University Hospitals Coventry and Warwickshire NHS Trust

Status

Not yet enrolling

Conditions

Metabolic Disease

Study type

Observational

Funder types

Other

Identifiers

NCT05461144

JH206817a

Details and patient eligibility

About

This observational study aims to recruit up to thirty T1DM patients from a diabetic outpatient clinic at the University Hospital Coventry and Warwickshire for a two-phase study. The first phase involves attending an inpatient protocol for up to thirty-six hours in a calorimetry room at the Human Metabolism Research Unit under controlled conditions, followed by a phase of free-living, for up to three days, in which participants will go about their normal daily activities without restriction. Throughout the study, the participants will wear commercially available wearable sensors to measure and record physiological signals (e.g., electrocardiogram and continuous glucose monitor). Data collected will be used to develop and validate an AI model using state-of-the-art deep-learning methods for the purpose of non-invasive glycaemic event detection.

Full description

The study volunteers will be asked to an attend an 'inpatient' facility for up to 36 hrs dedicated to advanced metabolic measurement (HMRU). They will be asked to consume prepared meals of varying macronutrient content as part of a balanced diet, and performed prescribed physical activity. During this time the volunteers will be measured by instrumentation which will investigate the chemical concentration in respired gases (e.g. whole-body calorimeters, metabolic carts); bloods, saliva and urine samples will be taken. If the participant then wishes, we will ask them to continue to wear the wearable devices in a home setting for a maximum one week.

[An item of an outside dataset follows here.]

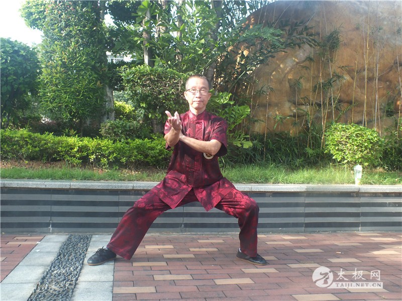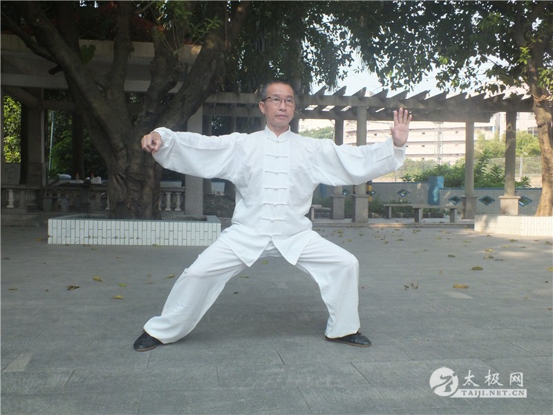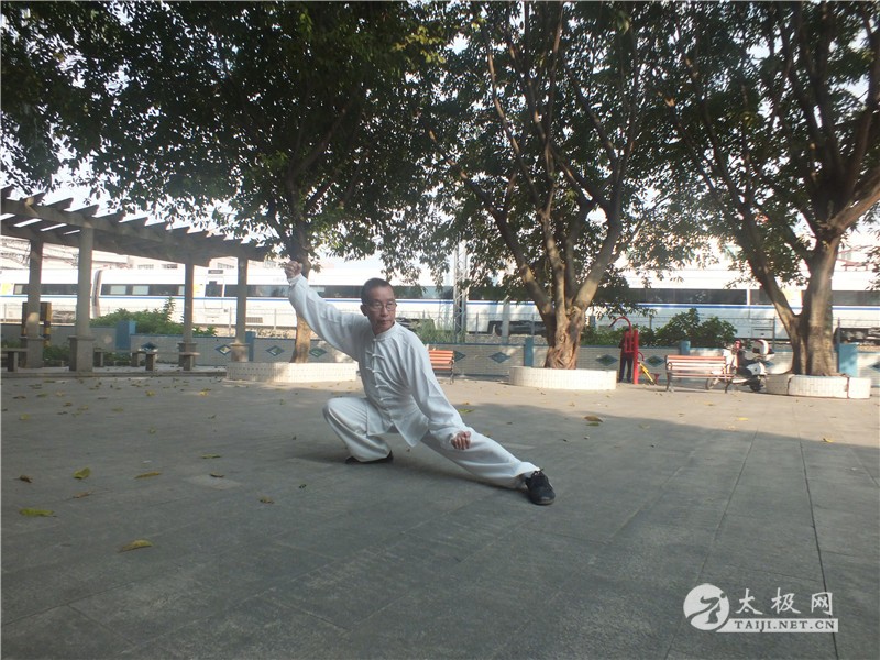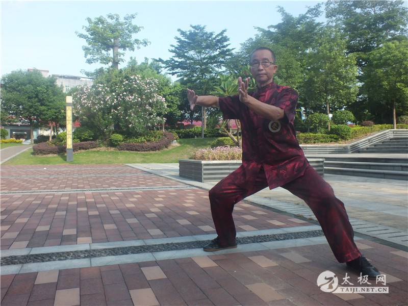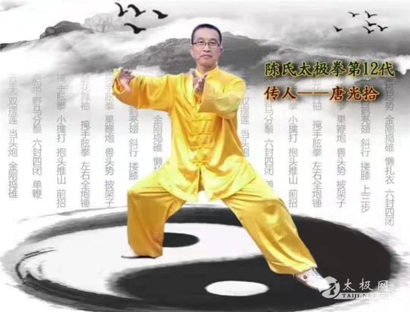 唐光拾拳照 唐光拾说:我是从《武林》杂志上看到陈启旺老师“太极之家”的报道后,1981年慕名来到温县陈家沟拜陈启旺为师学练陈氏太极拳,学习陈式老架一路、二路。1983年邀请陈启旺来防城授拳,跟随他学习陈式太极单刀、单剑、推手。他被太极拳那连绵不断、行云流水的拳术风格以及螺旋缠绕、刚柔相济的神韵所吸引,唐光拾越来越想更加深入的了解太极拳的精髓。之后,他反复七次前往陈家沟学拳,经历数十年练拳生涯与磨砺,唐光拾终于做出了一点成绩。

The data derived from this study will allow new tools and mathematical models to be developed that can be used to analyse and simulate patient metabolic response. It is envisaged this study will give further evidence to support future research into glucose utilisation in diseased metabolic populations.

Enrollment

30 estimated patients

Sex

All

Ages

18+ years old

Volunteers

Accepts Healthy Volunteers

Inclusion criteria

The study will be open to all individuals living independently, over 18 years without acute illness or ongoing clinical investigation, or volunteers with a stable medical condition may be included. Volunteers with an ongoing medical condition will only be included after detailed consultation with our clinical and dietetics members of the team; however, it is imperative that volunteers are able to provide written informed consent.

Exclusion criteria

Whilst the study employs a deliberately open inclusion criterion, the following exclusion measures will be employed:

Children (under 18 yrs)
Any adult who lacks decisional capacity
Claustrophobia, isolophobia, recent abnormal exercise, radiation exposure within the preceding 24 hours of entering the whole-body calorimeter and feeling unwell in any way.
Needle phobia
Any medical/endocrine problem that could affect energy expenditure (e.g. thyroid problems, Cushing's syndrome)
Chronic inflammatory disorders like rheumatoid arthritis, or long term use of steroids or other immunomodulators like cyclosporine, azathioprine.
Beta blockers
Currently actively losing weight
Depression or any psychiatric illness

Trial design

30 participants in 1 patient group

Type1diabetes patients

Description:

Males and females diagnosed with T1D, aged over 18 years old who are currently under the care of the Warwickshire Institute for the Study of Diabetes, Endocrinolgy and Metabolism (WISDEM) at the University Hospitals Coventry and Warwickshire.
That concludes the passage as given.